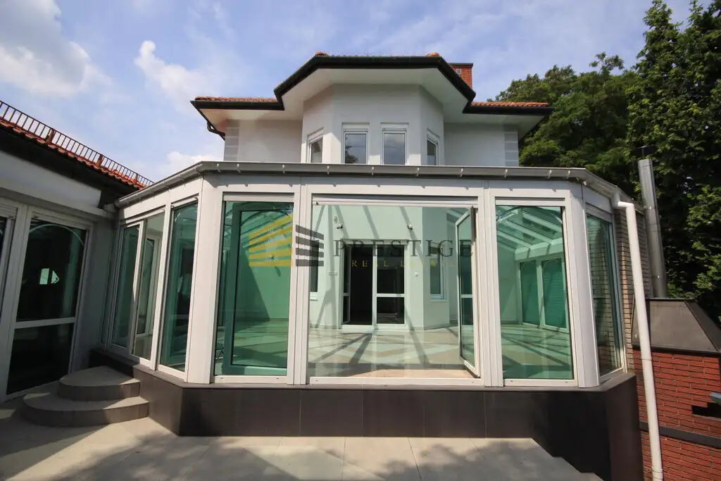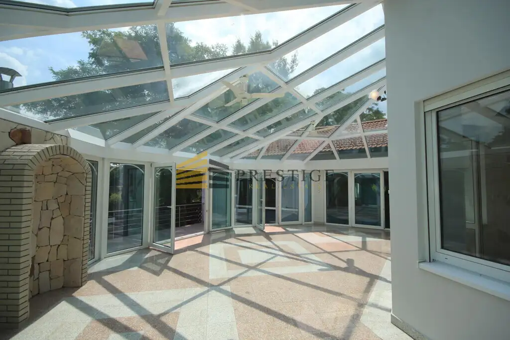 Ogród zimowy z wyjściem na taras, do ogrodu i basenu
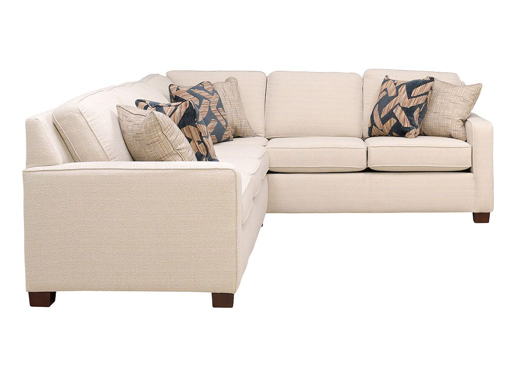 View Product CollectionMake room for real life with the Nola Zoe Beige 2 Piece Left Arm Sofa Sectional by England Furniture. Whether your family includes kids, pets, or just lots of guests, this L-shaped configuration delivers the kind of spacious, flexible comfort that keeps everyone happy, and your space looking effortlessly put together. With its clean track arms, welted seat and back cushions, and dark brown block legs, Nola’s naturally casual silhouette blends seamlessly into both classic and contemporary homes. The left-arm sofa extends comfortably for lounging or entertaining, while the right-arm corner sofa anchors your space with an open, inviting presence perfect for conversation and connection.
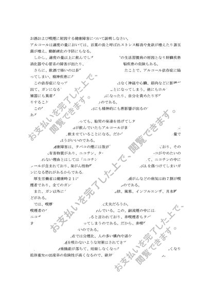 試験解答例 「お酒および喫煙に起因する健康障害について説明しなさい」と「筋肉収縮のメカニズムと優秀なスポーツ選手の筋線維」
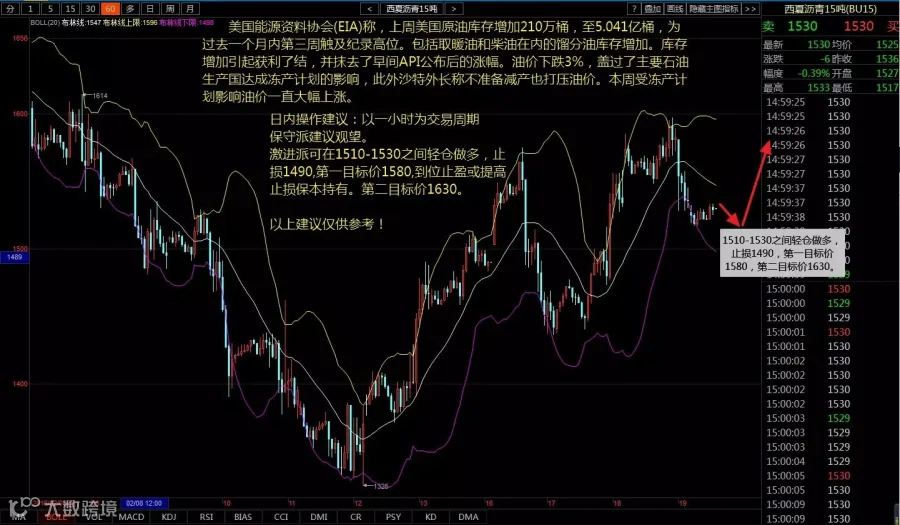 日内操作建议:以一小时为交易周期
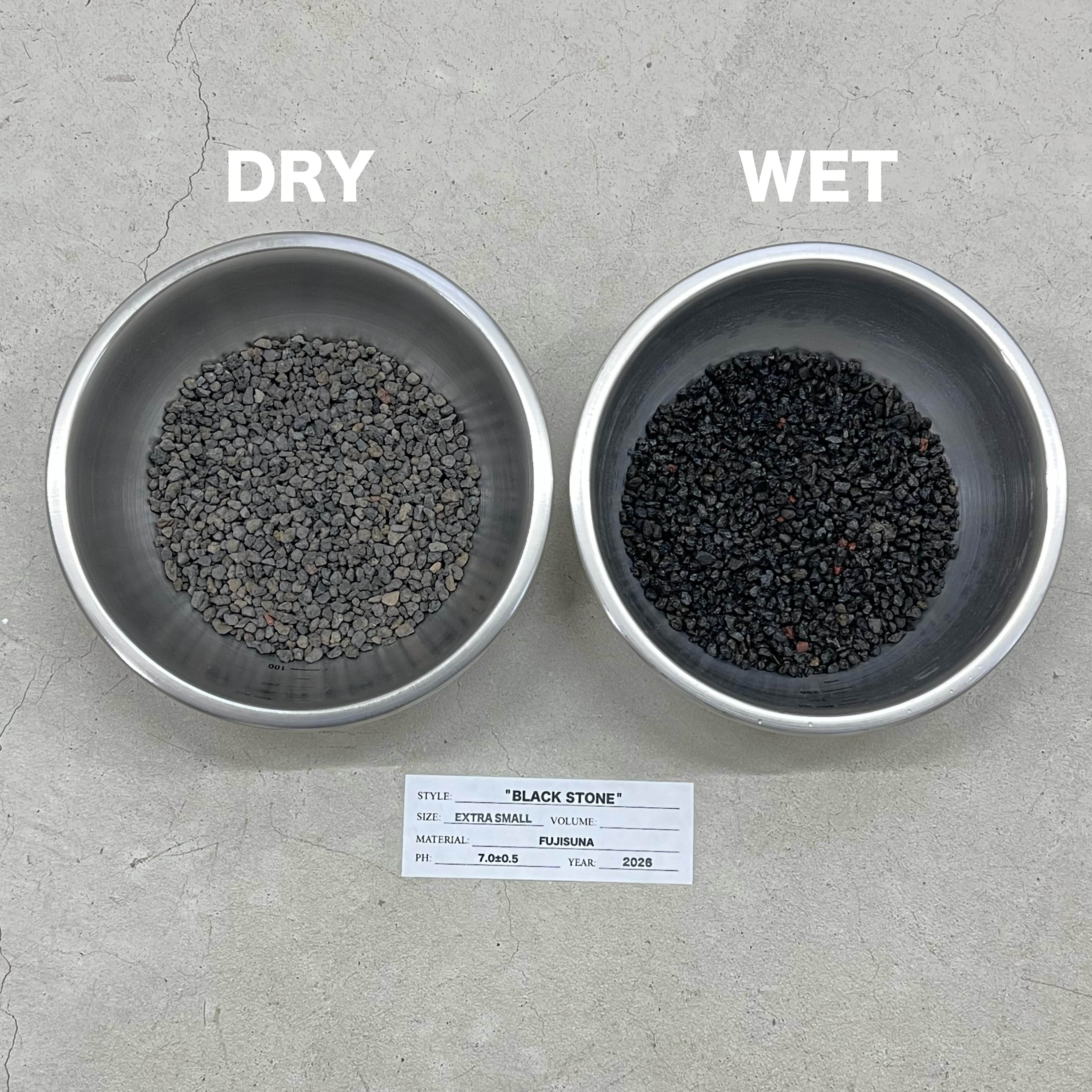 ※写真のステレンスボウルに入っている用土は乾燥状態と水で濡れた状態の比較画像です。
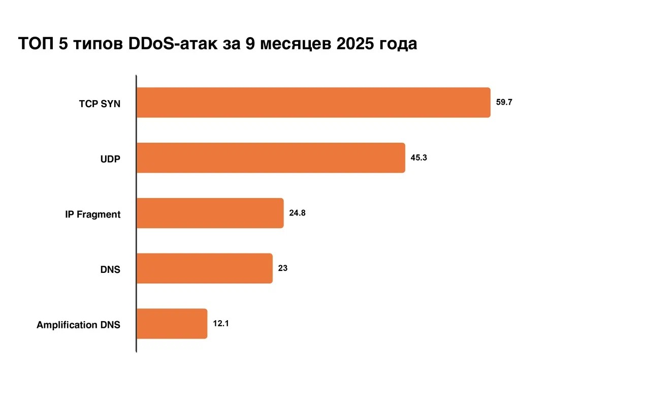 В 2025 году до 25% от всех мощных DDoS-ударов реализованы с применением TCP SYN. В основном они выполняются по одному шаблону с применением ботнет-сетей. Это объединение большого числа заражённых устройств, которыми удалённо управляет злоумышленник, чтобы выполнить атаки. При этом эффективность атаки зависит от распределения элементов ботнета. Для защиты от SYN Flood необходима опытная экспертная команда. - UDP Flood (User Datagram Protocol — протокол пользовательских датаграмм). Атаки такого типа создают огромный объём UDP-трафика.
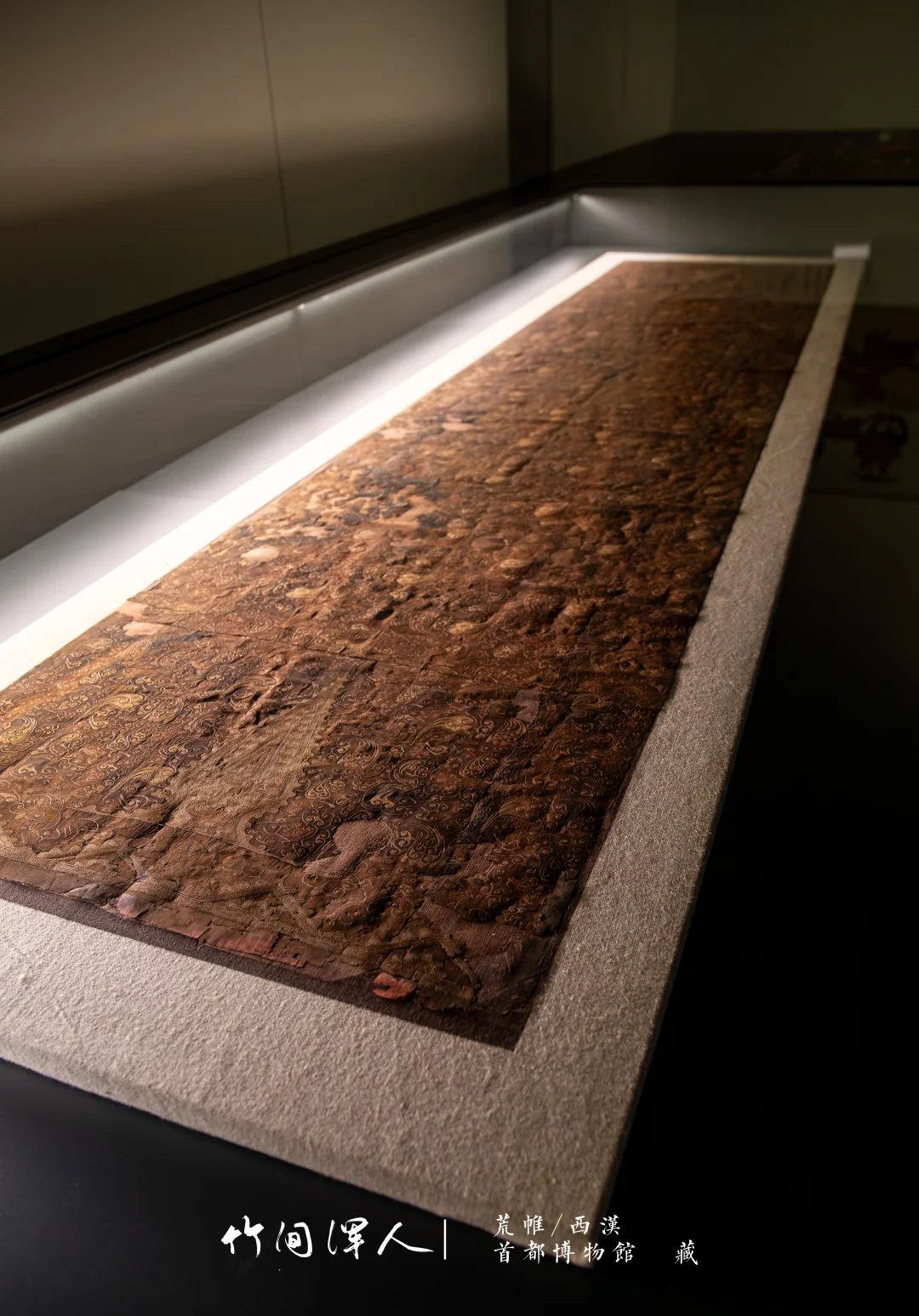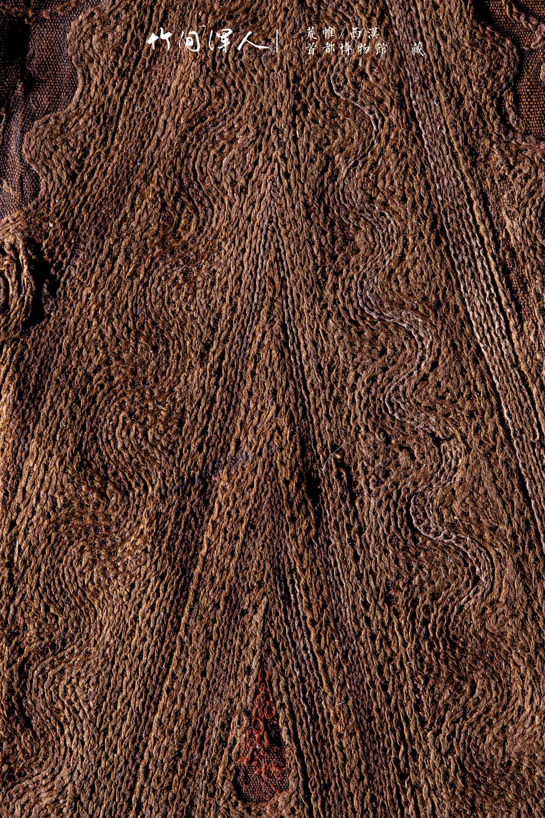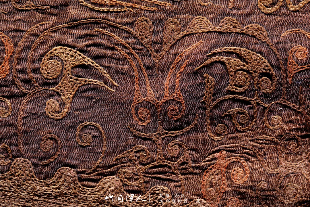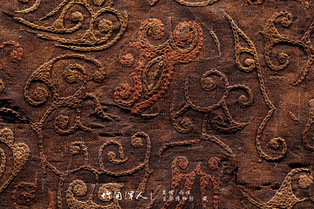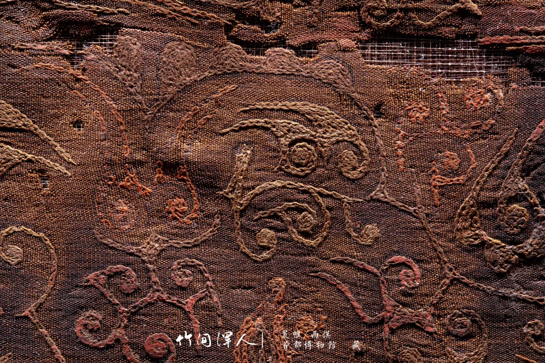 在微距镜头下能看到锁绣的细节,仔细看还可以看到当年染色的痕迹,汉代的想象力和审美总是这么让人叹为观止! . 荒帷/西汉(前206-8年) 石景山区老山汉墓出土 藏于:. 荒帷是装饰棺木的布帛。棺木外以木竹类材料结成形似居室的框架,即所谓“墙柳”,覆于墙柳之上的布帛称“荒”,缝于四周者称“帷”,形似帐幕,象征了逝者生前的居室。此荒帏绣工高超细腻,绣面平齐匀整,是汉代绣品中的杰作。 .

--*--

• **About this exercise**
The answer must restate every entry word for word, with the pictures left out.

• **Task output**
 Ogród zimowy z wyjściem na taras, do ogrodu i basenu
 View Product CollectionMake room for real life with the Nola Zoe Beige 2 Piece Left Arm Sofa Sectional by England Furniture. Whether your family includes kids, pets, or just lots of guests, this L-shaped configuration delivers the kind of spacious, flexible comfort that keeps everyone happy, and your space looking effortlessly put together. With its clean track arms, welted seat and back cushions, and dark brown block legs, Nola’s naturally casual silhouette blends seamlessly into both classic and contemporary homes. The left-arm sofa extends comfortably for lounging or entertaining, while the right-arm corner sofa anchors your space with an open, inviting presence perfect for conversation and connection.
 試験解答例 「お酒および喫煙に起因する健康障害について説明しなさい」と「筋肉収縮のメカニズムと優秀なスポーツ選手の筋線維」
 日内操作建议:以一小时为交易周期
 ※写真のステレンスボウルに入っている用土は乾燥状態と水で濡れた状態の比較画像です。
 В 2025 году до 25% от всех мощных DDoS-ударов реализованы с применением TCP SYN. В основном они выполняются по одному шаблону с применением ботнет-сетей. Это объединение большого числа заражённых устройств, которыми удалённо управляет злоумышленник, чтобы выполнить атаки. При этом эффективность атаки зависит от распределения элементов ботнета. Для защиты от SYN Flood необходима опытная экспертная команда. - UDP Flood (User Datagram Protocol — протокол пользовательских датаграмм). Атаки такого типа создают огромный объём UDP-трафика.
 在微距镜头下能看到锁绣的细节,仔细看还可以看到当年染色的痕迹,汉代的想象力和审美总是这么让人叹为观止! . 荒帷/西汉(前206-8年) 石景山区老山汉墓出土 藏于:. 荒帷是装饰棺木的布帛。棺木外以木竹类材料结成形似居室的框架,即所谓“墙柳”,覆于墙柳之上的布帛称“荒”,缝于四周者称“帷”,形似帐幕,象征了逝者生前的居室。此荒帏绣工高超细腻,绣面平齐匀整,是汉代绣品中的杰作。 .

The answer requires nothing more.